Я даже не сразу понимаю, кто такая «Марина-Ноготочки», и почему она вдруг спрашивает, какая погода в Нью-Йорке. Даже хочу удалить и заблокировать, в первую минуту решив, что просто ошиблись номером.
А потом доходит.
Так оглушительно, что ноги подкашиваются и я только чудом успеваю уронить свое обмякшее от страха тело на диван. Судорожно хватаю воздух, дергаюсь от внезапного звука из душа, но потом понимаю, что это был просто какой-то мой личный фантом — оттуда разносится только мерный шум воды.
Проверяю сообщение еще раз, но его смысл не меняется.
Гельдман откуда-то знает, что я в Нью-Йорке.
Хотя «откуда» — понятно. Его «крыса» хорошо делает свою работу.
И пока я соображаю, что ответить — и отвечать ли вообще — он присылает следующее.
«Ты же держишь ушки-на-макушке, девочка? И не планируешь вернуться ко мне с пустыми руками? Я бы очень расстроился»
Я быстро удаляю сообщения, так ничего и не ответив, потому что Вадим выходит из душа и сворачивает в спальню.
Пока прислушиваюсь к его шагам, мысленно уговариваю себя пойти ва-банк и все ему рассказать. Сначала про «крысу» — он должен знать. А потом, когда он начнет задавать логичные вопросы…
Но так и не успеваю придумать подходящую для своего армагеддона фразу, потому что выходит Вадим, и я на мгновение забываю, как дышать.
Буквально.
Воздух застревает где-то в легких, а я просто стою и пялюсь на него, как последняя идиотка.

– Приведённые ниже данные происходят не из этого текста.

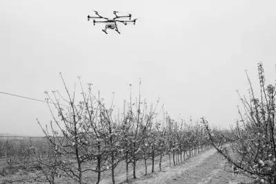 站在果园外,看着无人机在果树上空喷药作业,刘新柱头一回没有闻到刺鼻的农药味。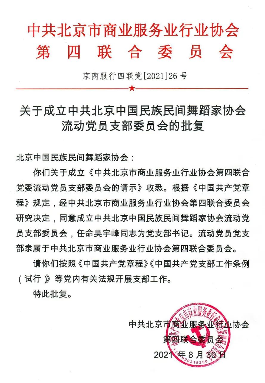 中共北京市商业服务业行业协会第四联合党委 党建指导员 高永懿书记,宣读了《关于成立中共北京中国民族民间舞蹈家协会流动党员支部委员会的批复》。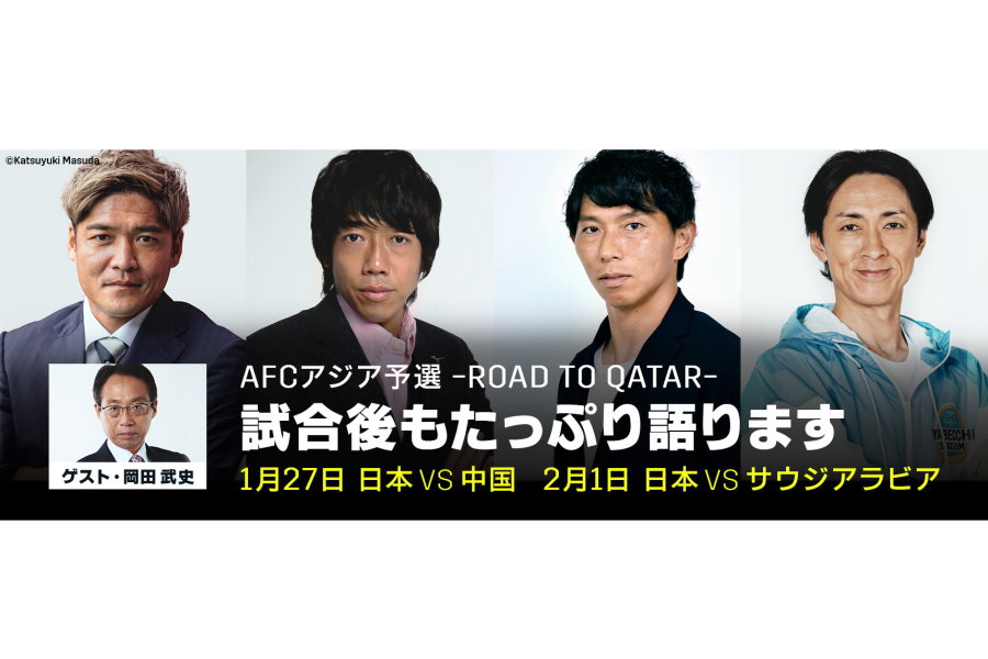 現在、グループ2位でW杯出場圏内ながら、3位の強豪オーストラリアと勝ち点1差の日本。対戦する中国には第2節のアウェーで1-0と勝利したものの、ホームでの一戦は多くの得点を奪って勝利したいところ。解説に元日本代表MF中村憲剛氏、ゲストには元日本代表FW大久保嘉人氏を迎え、かつて川崎フロンターレでチームメイトだった両者の掛け合いにも注目だ。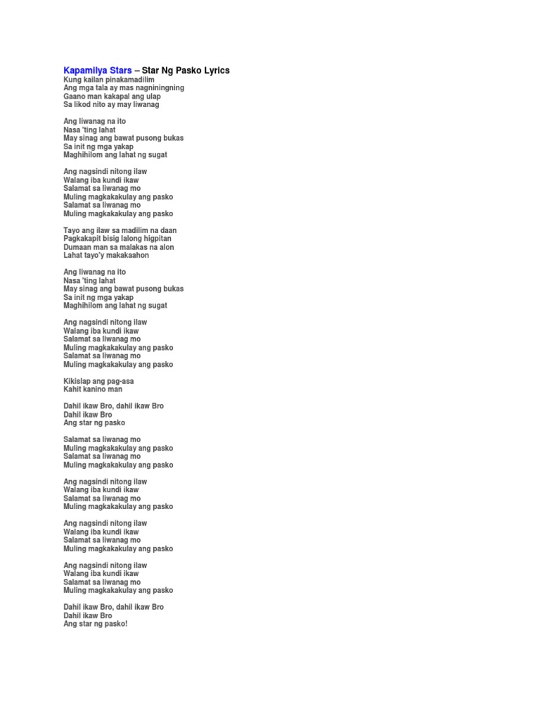 Star Ng Pasko Lyrics : Read or print original star ng pasko lyrics 2020 updated!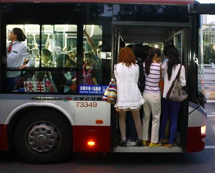 就算勉强挤上了公交车,也会是上边的这种状况,只身一人被几个大老爷们包围着!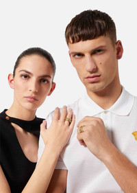 In Versace's signature Greca design, this wide-band ring features Swarovski crystals and the Medusa emblem at the center. All Versace jewelry products are lead and nickel free. All materials are hypoallergenic. DETAILS & CARE - Metal: Brass - Finish: Versace Gold + Crystal - Please note water and perfume may damage the item - Made in Italy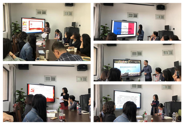 国歌是国家的重要象征,纵览世界各国国歌,无一不承载着各国人民最珍视的精神。主题党日活动的第二个内容是由各系老师分别介绍俄罗斯、德国和法国的国歌。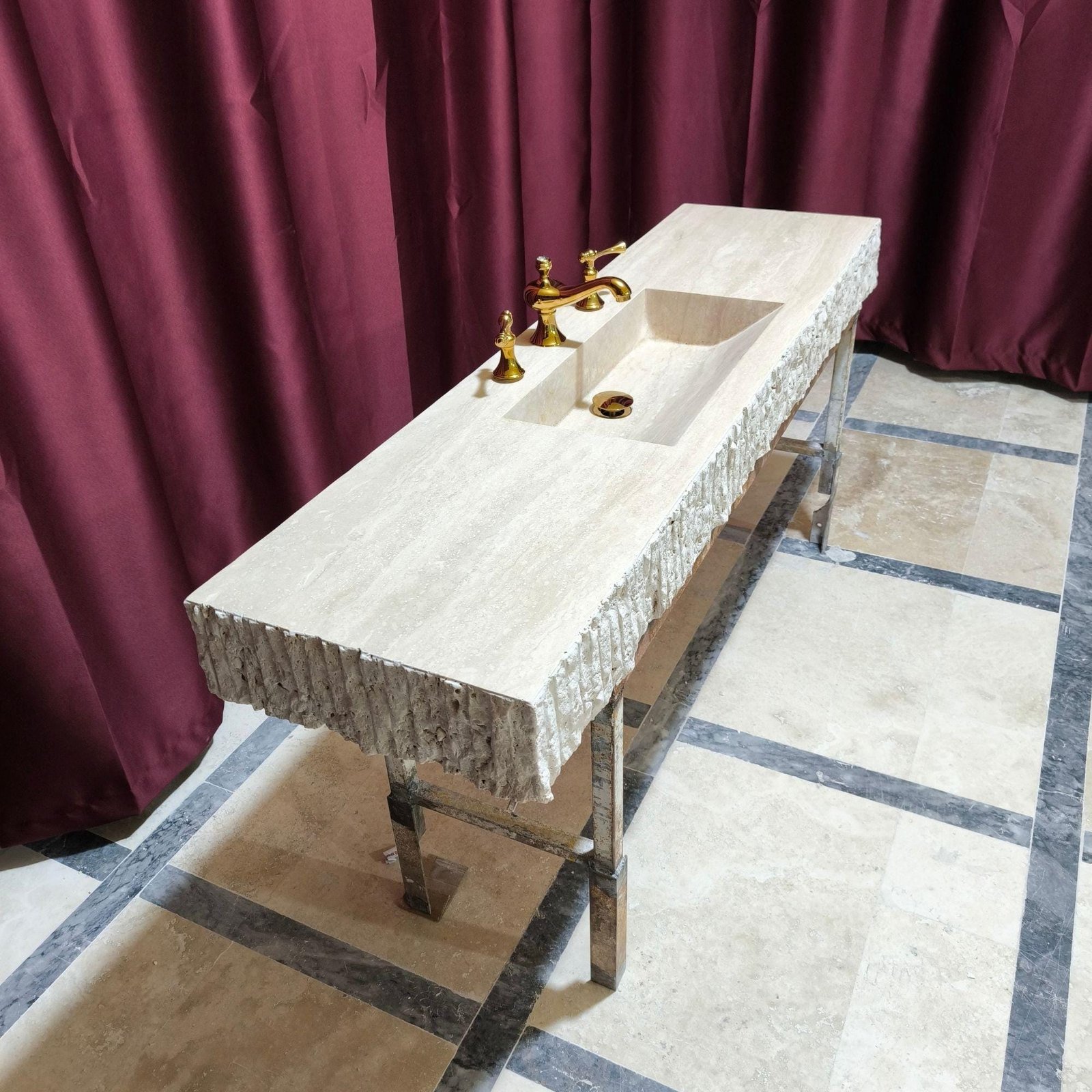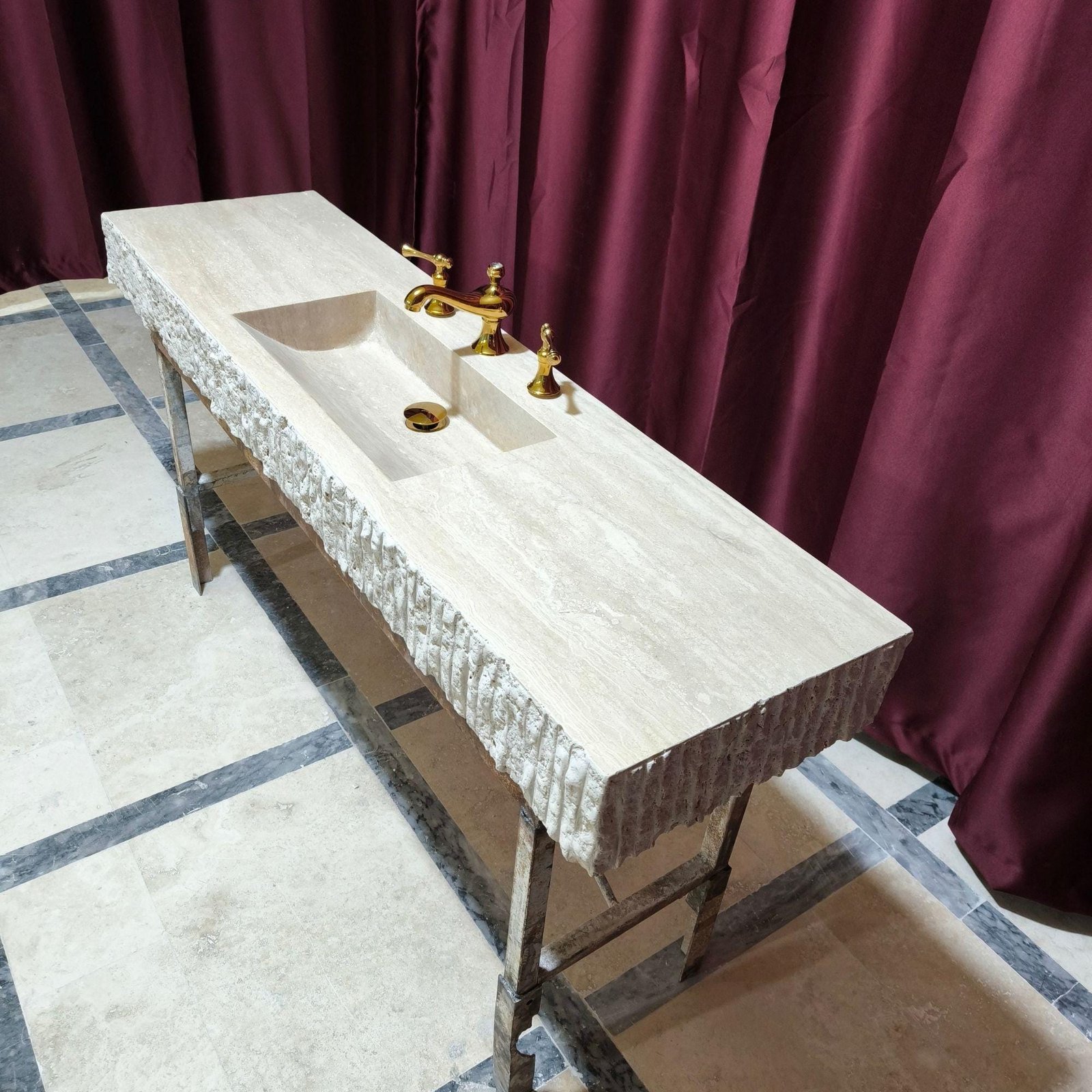 Enhance your bathroom with this stunning rustic travertine split face sink, handcrafted from natural stone. This unique marble sink adds a timeless touch of elegance to any space.
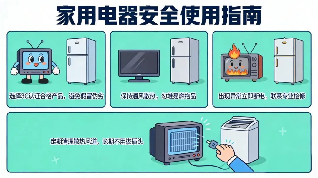 一、规范家用电器使用,杜绝设备隐患。电视机、冰箱等常用家电,应选择3C认证合格产品,避免使用假冒伪劣产品。使用时要保持通风散热,避免电器周围堆放窗帘、衣物等易燃物品,防止热量积聚引发火灾。家电出现异常发热、异响、焦味等情况,应立即切断电源,停止使用并联系专业人员检修,切勿自行拆解维修。冰箱需定期清理散热风道,电视机长时间不用时应拔掉电源插头,避免待机状态下的安全隐患。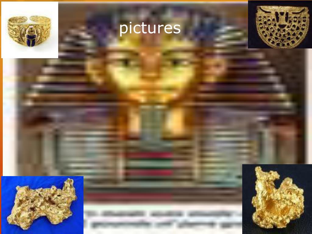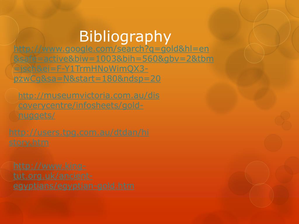 Bibliography http://www.google.com/search?q=gold&hl=en&safe=active&biw=1003&bih=560&gbv=2&tbm=isch&ei=F-Y1TrmHNoWimQX3-pzwCg&sa=N&start=180&ndsp=20 http://museumvictoria.com.au/discoverycentre/infosheets/gold-nuggets/ http://users.tpg.com.au/dtdan/history.htm http://www.king-tut.org.uk/ancient-egyptians/egyptian-gold.htm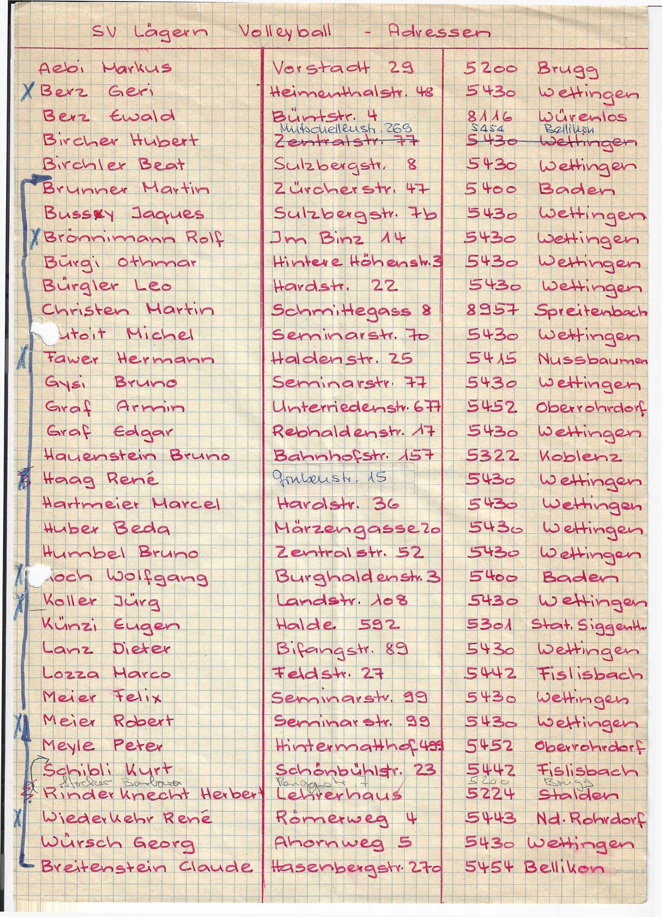 Mit der von Geri Berz 1978 initialisierten und 1979 definitiv durchgeführten Reorganisation des Vereins KTV Lägern Wettingen mutierte dieser zum «Gesamtverein» SV Lägern Wettingen, und es wurde der «Riegenbetrieb» aufgenommen. Die erste ordentliche «Riegenversammlung» der Volleyballriege SV Lägern Wettingen fand bereits am 21.04.1979 unter der Leitung von Edgar Graf statt.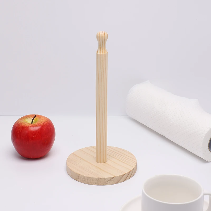 Wooden Standing Paper Towel Holder Kitchen Roll Dispenser for Home Use

Никаких дорогих костюмов и идеально сидящих рубашек. На нем — обычные, чуть выцветшие джинсы, простая черная футболка, которая обтягивает его мощный торс так, что видно каждый мускул, и короткая кожаная куртка. На голове — черная бейсболка, козырек которой чуть прикрывает глаза, делая его взгляд еще более пронзительным и опасным.
Твою мать. Блядь. Господи, просто… за что?!
Он выглядит… иначе. Совсем иначе. Не как Вадим Авдеев, владелец многомиллионной империи. А как… просто мой Тай. Тот, который может быть жестким, безжалостным, но одновременно — до одури сексуальным и притягательным в своей этой неприкрытой, почти первобытной мужественности. И реально выглядит как какой-то дерзкий пацан. И от этого — еще более желанный.
Я чувствую, как у меня перехватывает дыхание, как сердце начинает колотиться где-то в горле.
Ты пропала, Крис. Окончательно. Бесповоротно.
Потому что этот Тай, в кожаной куртке и бейсболке, нравится мне до дрожи в коленях, до помутнения в мозгах, до желания забиться под эту куртку и никогда оттуда не вылезать.
— Что-то ты притихла, коза, — он усмехается, видя мое ошарашенное лицо. — Я, типа, перестарался с «соответствием»? Или твой «настоящий Нью-Йорк» не готов к такому брутальному вторжению?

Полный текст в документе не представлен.